Premium Fabrics, sensible price
The gloves feature Primaloft Gold insulation which not only provides one of the best warmth to weight ratios but it also claims to offer good ‘breathability’. On top of the insulation they also feature a seam-sealed waterproof membrane, so your hands should be warm and dry whatever the weather has in store for you.
From a styling perspective, there isn’t anything to shout about. They’re black and the materials appear hard wearing enough that they’ll shrug off mud and general wear and tear for a good few seasons of use. Rubberised patches on the palm and fingers provide extra grip in the wet. On the outer edge, reflective patches are a token nod towards night-time visibility.
Internally, the gloves feature a very comfy and soft lining. They’re so pleasant to wear that I’ve been using them on early morning walks with the dog. As they’re so understated for a cycling glove, they don’t look out of place. To top off the list of positive features, they have extra-long cuffs to slip up your sleeves and keep the wind out.

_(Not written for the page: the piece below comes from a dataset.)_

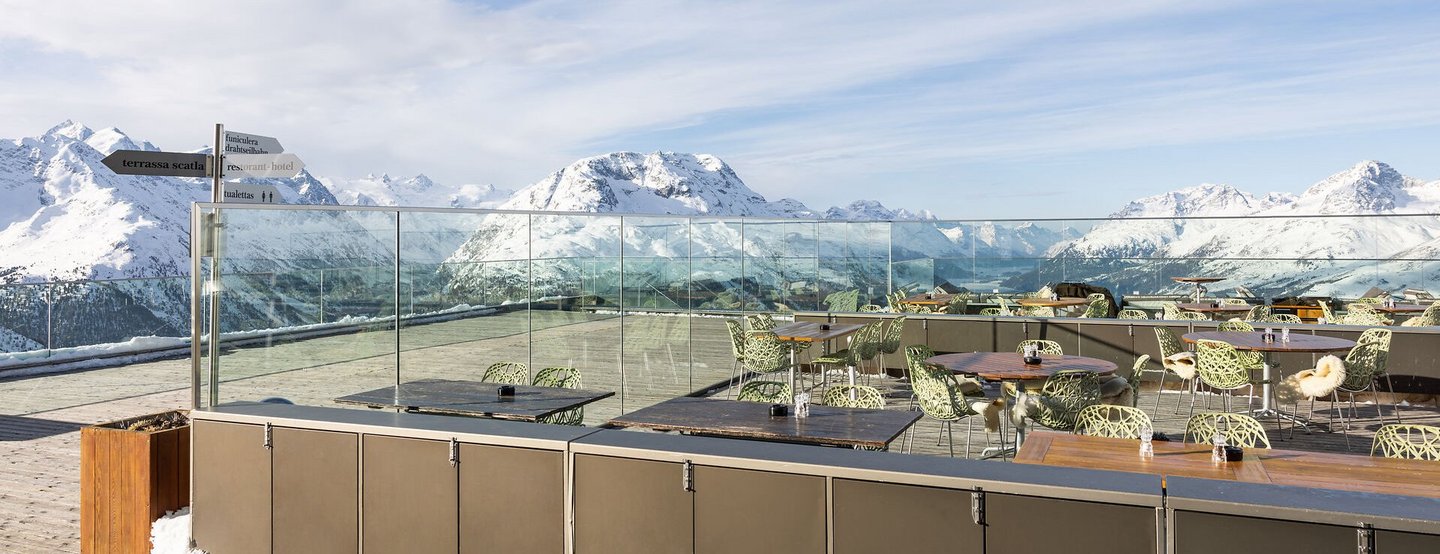 Schöner geht's kaum: Der Ausblick auf das gesamte Oberengadiner Seenplateau macht unsere Sonnenterrasse auf Muottas Muragl zu einer der beliebtesten im ganzen Tal. Hier können Sie den Blick in die Weite schweifen lassen, tief einatmen, sich vom Restaurant-Team verwöhnen lassen und einfach nur geniessen.
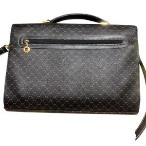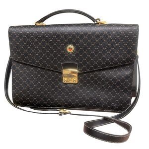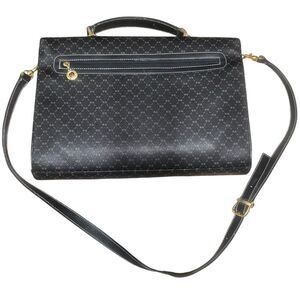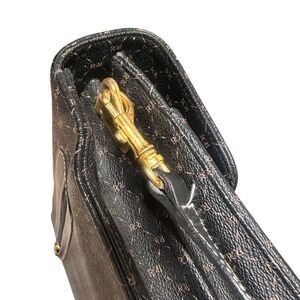 This elegant black designer Logo print briefcase is perfect for business meeting, office, and work. Crafted with attention to detail, it features a sleek design and a convenient shoulder strap. Ideal for adding a touch of sophistication to your outfit. Gold hardware with Logo print around

On the bike, in the cold and the wet
As is common with pretty much all thick winter gloves, the fingers do feel somewhat clompy. The thick insulation makes them less dexterous on the controls than a thinner glove, but that is the price you pay for warm hands. The flip-side of that thick padding is that you’re unlikely to suffer any hand/palm discomfort when riding over long distance or bumpy trails.
Trying to retrieve things from pockets has to be a carefully considered affair else you’ll drop your cargo onto the road. The leatherette grip material on the fingers helps a bit and the gloves are less slippy than others I have tested.
Talking temperatures is a contentious topic. While I might be warm in my lounge with the heating set at 5, someone else will be shivering and complaining. The same goes with gloves. Testing in a variety of conditions, I’d recommend using these gloves for temperatures below 7°c. Anything over this and you’ll be sweating it out in no time. The waterproof qualities of these gloves are in no doubt having ridden a number of times in the rain and my hands remaining both warm and dry.
Riding on a decidedly nippy October morning, 3°c with a significant windchill, I found the Endura gloves were at the limit (of comfort) for me. Although my palms were warm, my finger tips were numb when riding straight into a headwind. Admittedly I do not have the greatest circulation and once out of the headwind, feeling did slowly return to my fingers. For anything colder, I’d consider using some silk liners to add an extra layer to my hands in an attempt to fight off feeling of finger freeze.
For their price, the Endura Pro SL Primaloft Gloves are an excellent cold weather glove which will keep you riding through all but the most bitter of temperatures. They’ll keep you dry and are tough enough to withstand a life of off-road cycling and bikepacking.